The Company has an investment portfolio of first and second lien loans, mezzanine debt and equity investments in private middle-market companies. The Company and General Electric Capital Corporation and GE Global Sponsor Finance LLC (GE) co-invest through the Senior Secured Loan Fund LLC, which operates using the name Senior Secured Loan Program. As of December 31, 2011, the Senior Secured Loan Program (SSLP) consisted of a portfolio of loans to 32 different borrowers and th! e portfolio companies in the SSLP are in industries similar to the companies in Ares Capital's portfolio. It also makes preferred and/or common equity investments. It makes senior secured loans in the form of first and/or second lien loans. Its first and second lien loans have terms of three to 10 years. The list of the industries, in which it has invested include aerospace and defense, business services, consumer products, containers and packaging, education, energy, environmental services, financial services, food and beverage, healthcare services, investment funds and vehicles, manufacturing, restaurant and food services, retail, and telecommunications.
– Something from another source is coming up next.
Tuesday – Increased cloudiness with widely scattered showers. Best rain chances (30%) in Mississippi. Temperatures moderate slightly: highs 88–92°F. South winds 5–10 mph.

It has made investments in its portfolio company, IHAM, which manages 10 unconsolidated credit vehicles: Ivy Hill Middle Market Credit Fund, Ltd. (Ivy Hill I), Ivy Hill Middle Market Credit Fund II, Ltd. (Ivy Hill II), Ivy Hill Middle Market Credit Fund III, Ltd. (Ivy Hill III), Ivy Hill Senior Debt Fund, L.P. and related vehicles (Ivy Hill SDF and, together with Ivy Hill I, Ivy Hill II and Ivy Hill III, the Ivy Hill Funds); Knightsbridge CLO 2007-1 Limited, Emporia Preferred Funding I, Ltd., Emporia Preferred Funding II, Ltd. and Emporia Preferred Funding III, Ltd. (collectively, the Emporia Funds), and Ares Private Debt Strategies Fund II, L.P. and Ares Private Debt Strategies Fund III, L.P. (collectively, the PDS Funds). In addition, IHAM serves as the sub-adviser/sub-manager for four others: CoLTS 2005-1 Ltd., CoLTS 2005-2 Ltd. and CoLTS 2007-1 Ltd. (collectively, the CoLTS Funds), and FirstLight Funding I, Ltd. (FirstLight).

Advisors' Opinion:
  • [By Jordan Wathen]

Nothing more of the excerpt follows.